同氏はこの研究所で、生きたクシクラゲの調査を行っていた。生物発光能力を持つ生物が、海中を移動する際に光を利用する過程に関する研究の一環としてだ。
クシクラゲは、名前にクラゲと付き見た目も似ているものの、刺胞動物のクラゲとはまったく別の、「有櫛(ゆうしつ)動物」と呼ばれる動物群に分類される。すべての動物の中で、進化的に最も初期に分岐した、いわば「最も原始的」な動物群であるとされている。
城倉氏は、水槽内で飼っていたゴルフボール大のクシクラゲの中に、ひときわ目立つ個体がいることに気づいた。他の個体よりも大きいだけでなく、1つではなく2つの口を持つという点で特徴的な個体だった。

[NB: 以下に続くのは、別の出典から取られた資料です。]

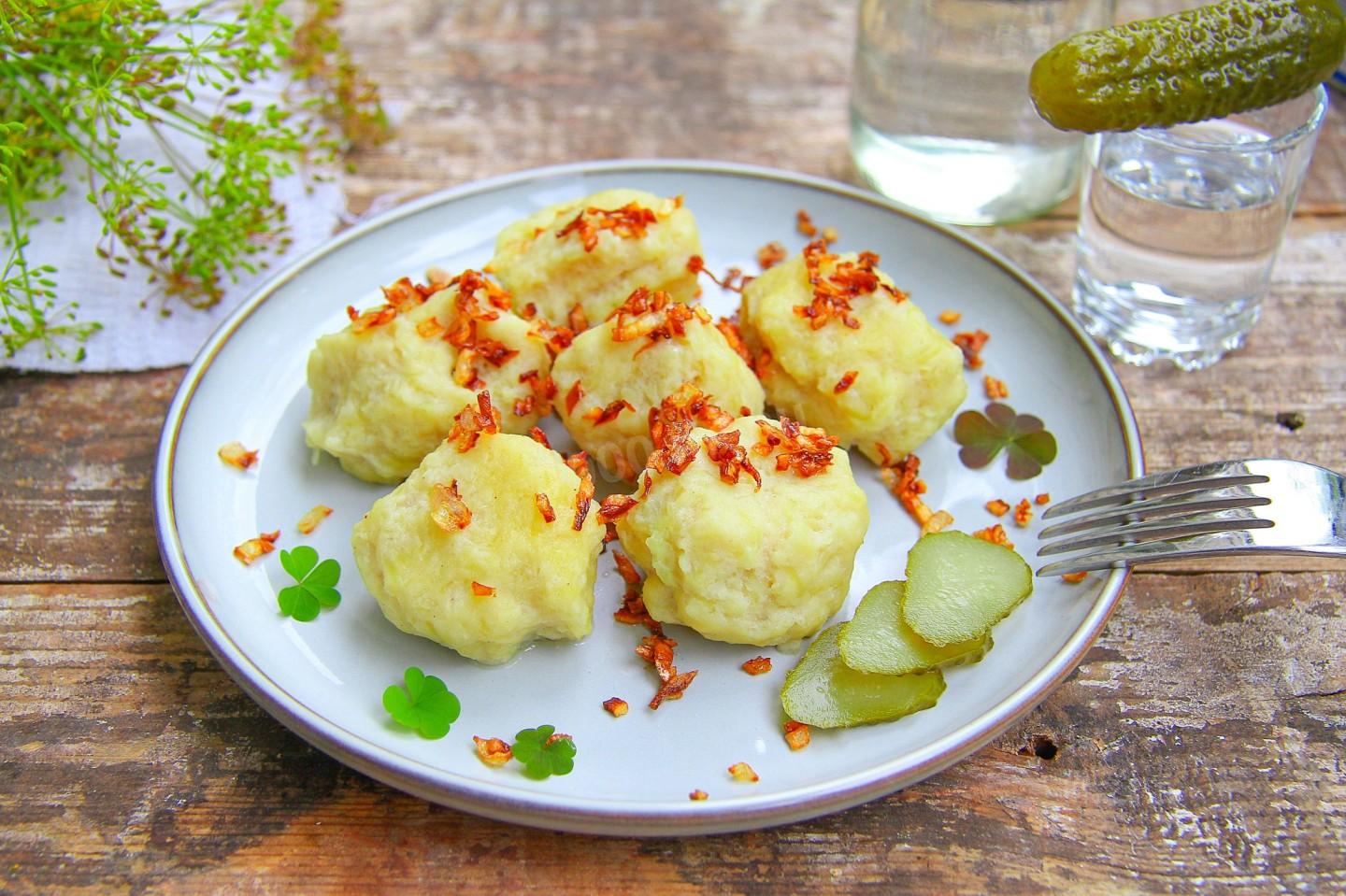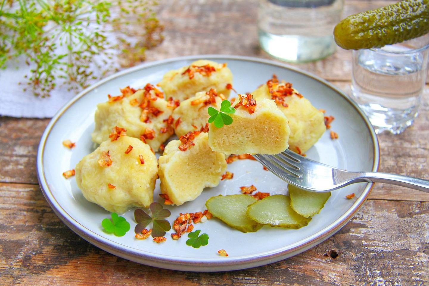 Клецки получаются плотными, чувствуется мускатный орех. В сочетании с жареным луком и соленым огурчиком они (разумеется, в обобщенном варианте) похожи на обычный отварной картофель.

城倉氏をはじめとするMBLの研究員が、通常と異なるこの個体を検証したところ、これは1個体のクシクラゲではなく、別々の2個体が1個体に融合したものであることが判明した。
その後、通常とは異なる実験を行なった結果、まだ科学界に知られていなかった生物学的適応の過程が明らかになった。

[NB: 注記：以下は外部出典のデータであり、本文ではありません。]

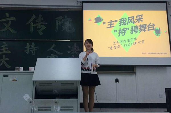 10月30日晚,太阳成集团tyc9728在南区2409教室举办“主我风采,持骋舞台”主持人大赛。经过初赛和复赛两个环节的角逐,15级戏文2班陈林茂获得一等奖,15播音孟蓉、14戏文胡纯晗获得二等奖,15播音王敏娜、高倩、顾伟,15新闻杨苏阳获得三等奖。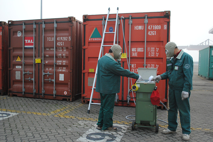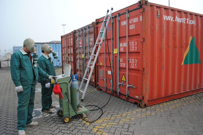 日前,中南地區(qū)第一臺(tái)最現(xiàn)代化的“移動(dòng)式微電腦施藥器”在長(zhǎng)沙新港投入使用。近日,湖南省進(jìn)出口檢驗(yàn)檢疫局技術(shù)人員,在長(zhǎng)沙新港首次對(duì)國(guó)際集裝箱采用封閉式消毒、熏蒸。這是我省使用的第一臺(tái)消毒熏蒸設(shè)備,結(jié)束商檢開(kāi)箱施藥消毒熏蒸的歷史。

付属肢を取り去った2体のクシクラゲは、2時間で融合する
この融合したクシクラゲを発見したのち、城倉氏が率いる研究チームは、この現象の再現に乗り出した。クシクラゲの一種であるムネミオプシス・レイディ(Mnemiopsis leidyi、英語では「シー・ウォルナッツ[海のクルミ]」という名で知られる)を用いて、この融合の仕組みと意義を解き明かそうと、研究チームは入念に計画を立てて実験を行なった。研究チームはまず、クシクラゲの2個体について、袖状突起(大きくて柔らかく、たいていは櫂のような形をした付属肢)を切除し、管理された状況下で、この2つの個体を至近距離に置いて固定した。
すると、2時間ほど経過した時点で、この2個体は融合し、個体を隔てるはっきりした境界がなくなった。
それからの数時間で、この融合した個体は動きが同期し、片方の個体の口から入った餌が、何かに隔てられることなく、もう1つの個体の消化器系へと移動するのが確認された。
この融合は肉体的な部分だけではなく、神経系にも及んでいる。もともと2個体だったものがほぼ1個体のように行動できるのはこれが理由だ。さらに研究チームでは、筋収縮が同期する現象も観察しており、両者の生物としての命令系統が統合されていることがさらに裏づけられた。